Magnesium batteries could one day complement lithium-ion batteries. But so far they have failed because of a stubborn weak point: the anode wears out too quickly. An international team of researchers has now filtered out the most promising solution from over 2,200 material compounds. The result: A magnesium-tin anode that lasted over 1,300 hours in laboratory tests and far exceeds the performance of previous approaches.
Magnesium is considered a promising anode material for future batteries. The inexpensive metal impresses with its high volumetric capacity of 3,833 milliamperes hours per cubic centimeter and is plentiful. In addition, under suitable conditions, it enables deposition without crystalline branches. Despite these advantages, development has so far failed due to strong passivation of the metal anode.
The cause of this wear is the high reactivity of the metal at interfaces. Components of the electrolyte spontaneously decompose on the surface and form an insulating passivation layer.
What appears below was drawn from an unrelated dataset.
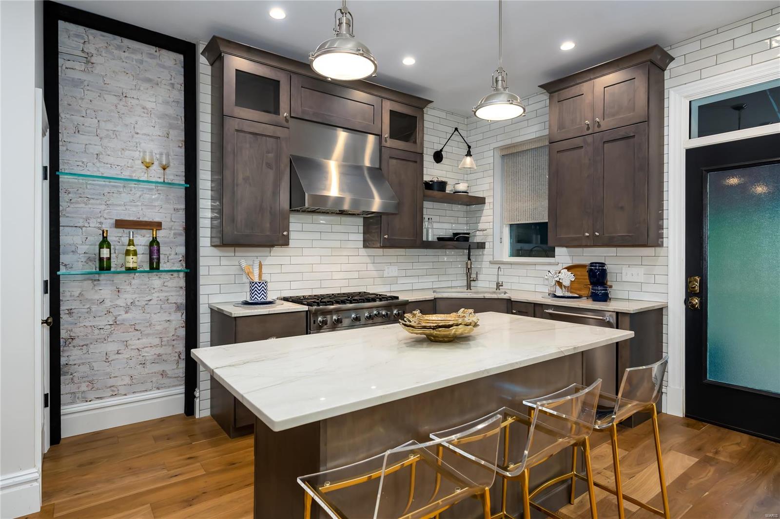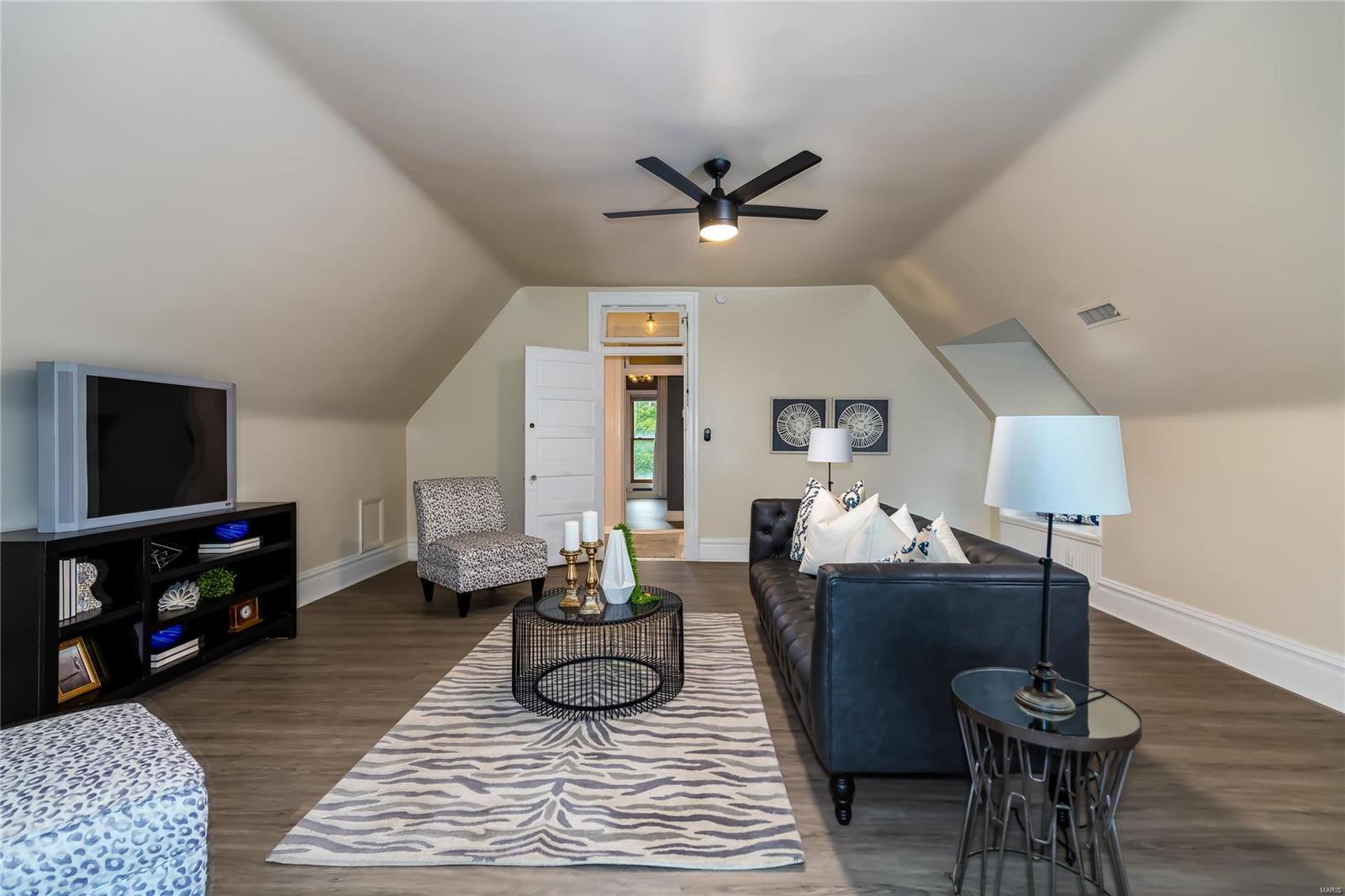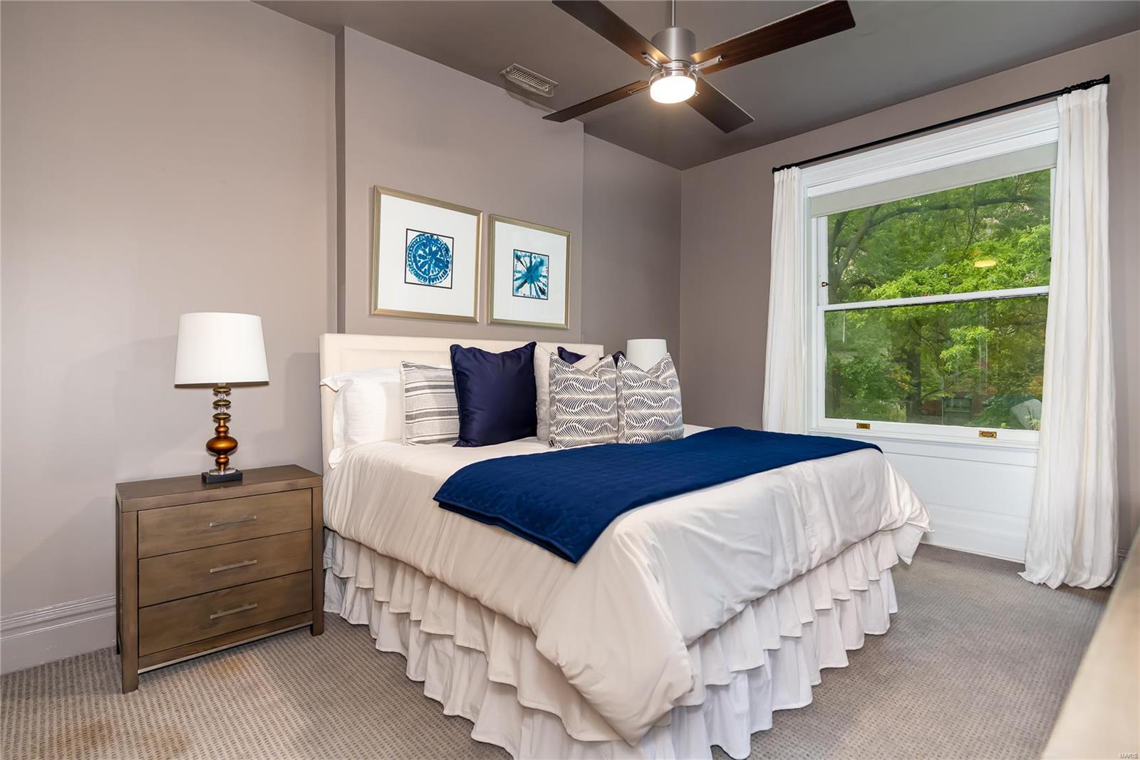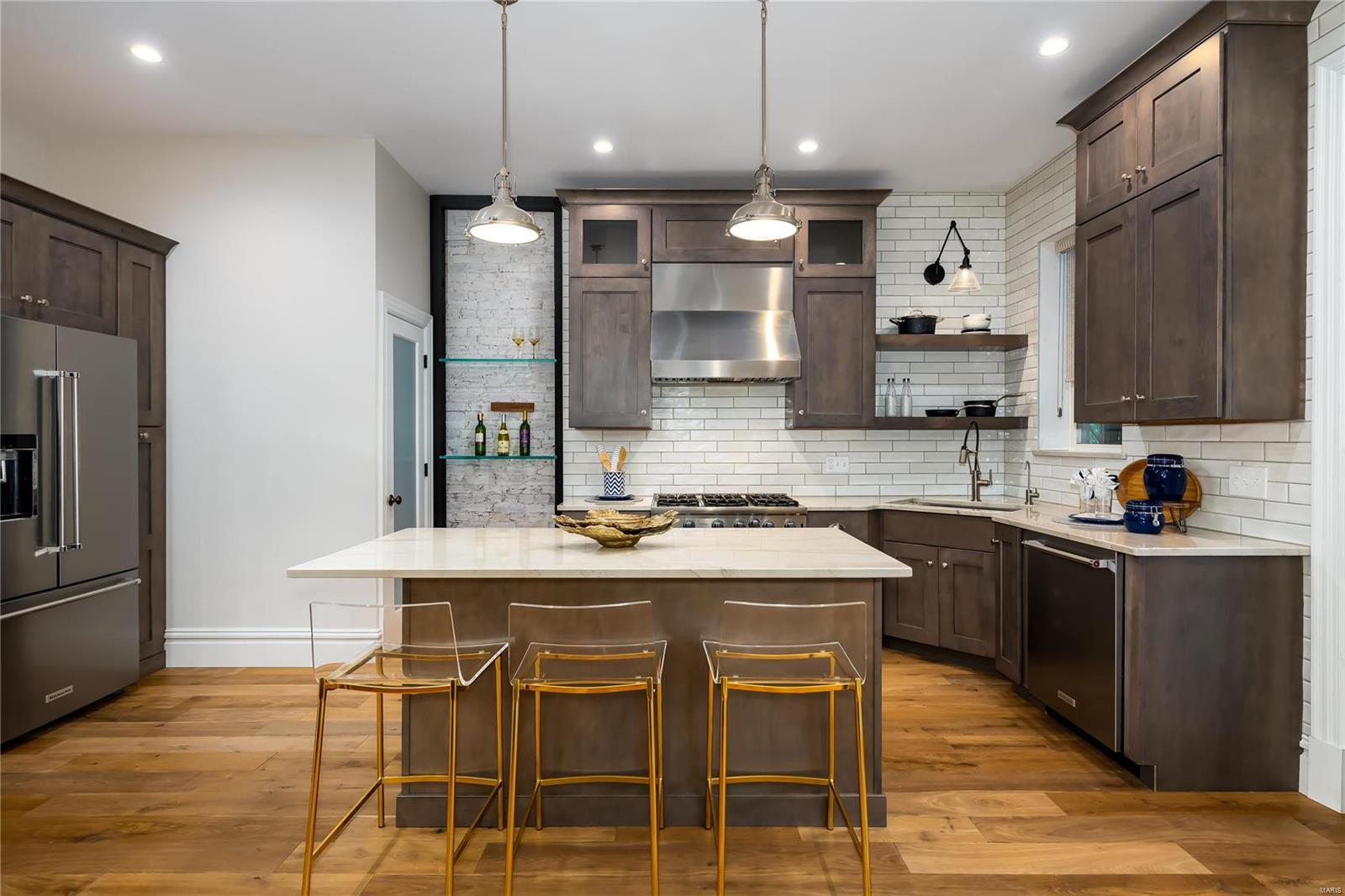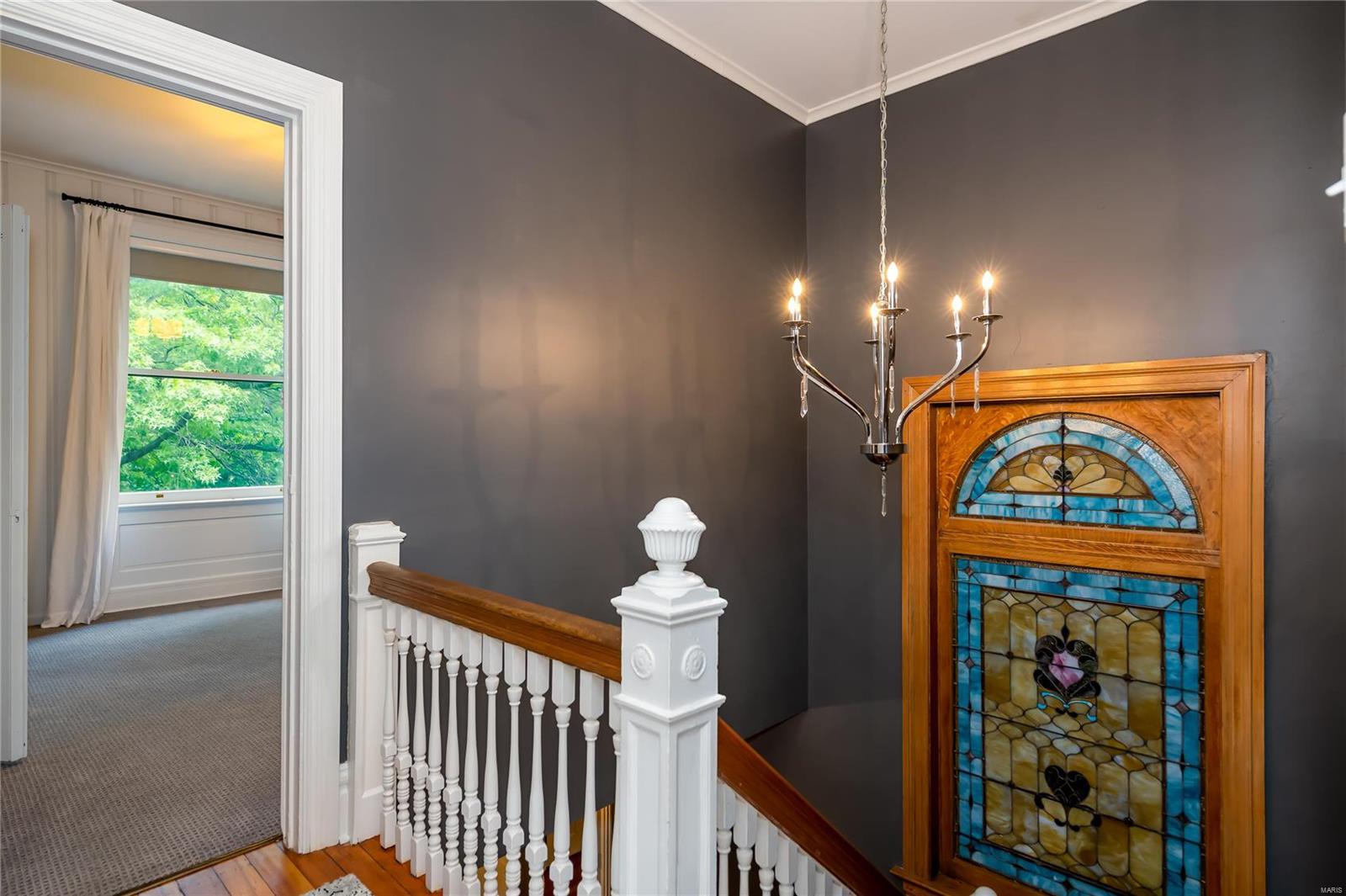 A gracious stone façade and spacious front porch welcome you to this quintessential CWE home. Inside, you will find a surprising, updated open floorplan. The spacious, combined living and dining room features a gas marble fireplace and a large picture window that overlooks the tree lined street. New kitchen with plenty of custom cabinetry, quartz countertops, center island and a door leading to the covered deck. The backyard is an oasis with a pergola, fountain, fire pit, and stone path that leads to the 2-car garage. A grand staircase with stain glass window takes you to the second floor where you will find the primary bedroom, dressing room and office. The updated bath features a dual vanity, soaking tub, shower and laundry. On the third floor you will find another bedroom, full bath and recreation room. The walkout lower level features another laundry, workout area and workshop.

This layer hinders the transport of charged ions and causes progressive polarization of the cell. Previous additive-based strategies usually only showed limited stability, while nanostructured architectures are often difficult to prepare in a scalable manner.
Magnesium battery: How a screening of 2,227 compounds found the best candidate
A research team led by Qian Wang, Hao Li and Yigang Yan used an approach for their work that is based purely on the analysis of data. Using fast, automated computer calculations, the experts examined 2,227 different compounds, each consisting of magnesium and one other element. From this they filtered out 596 candidates who are stable or almost stable.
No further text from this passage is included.